Their vocabulary is necessarily vague, because the issues are deeper than we are (the essence of the Godhead, for goodness sake!), but the persisting glory of man is seen, for example, in Psalm 8. Here mankind is in view, but paradoxically does not live up to the glory he is said to possess. Hebrews 2 points to Christ as the resolution of the paradox, but not just because the psalm is “all about Jesus”, but because through Jesus man’s true role is restored.
I see that, despite my intentions, I’ve critiqued the model whilst aiming to question the methodology - it does seem to me that the underlying weakness is excessive eisegesis. I’m reminded of a Messianic Jewish teacher, who when asked in a seminar where he got his counterintuitive interpretation of a particular passage, replied, “It’s right there - between the lines.” The problem is that “between the lines” there is as big a space as human imagination will fill, and reducing that to what may reasonably regarded as true requires not only the spirit-led knowledge of the whole Scriptures of any one person, but that of the whole people of God both before and after Christ.

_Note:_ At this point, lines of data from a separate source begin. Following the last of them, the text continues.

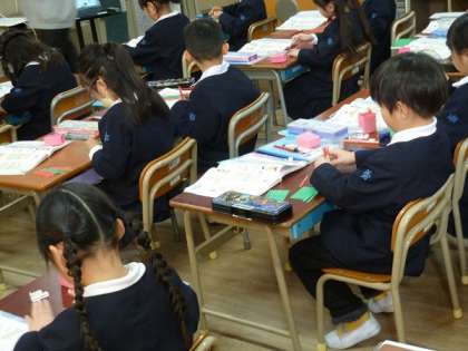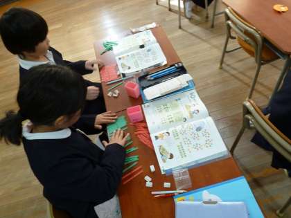 こんなときは10のまとまりを作ってすると全部でいくつかを数えやすいということを、一人一人が実際に棒を使って体験していました。
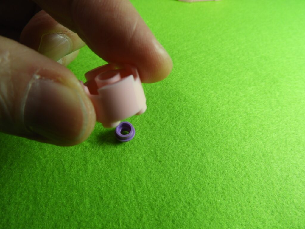 1.この紫のブロックをピンクブロックに取り付けますが、ちょっとはまりがきついのではまらないようなら下記の手順でやってみてください。
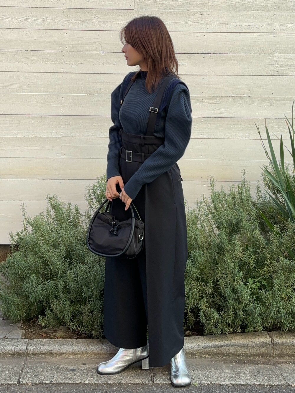 ニットは薄手ですが保温性抜群で、とてもあたたかいです◎ サロペットパンツは超ハイウエストなので、スタイルアップしたい方は是非!
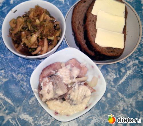 Салат, селедка с луком и хлеб. Один кусочек с маслом - это для селедки. Но зря я это делал. Показалось слишком жирно. Второй кусочек для салата.

The Lord, indeed “hath more truth yet to break forth out of His Holy Word,” and for better or worse we have to seek some of it when, as now, “science” has apparently weakened the conclusions of some of our godly forebears. But I think (as my opposition to innovative “evolutionary theology” shows) we need to be asking how those forebears would have dealt with the information we now have, rather than assuming that until now everybody has been getting things wrong. The Church, remember, has always been under the Project Management of the risen Christ!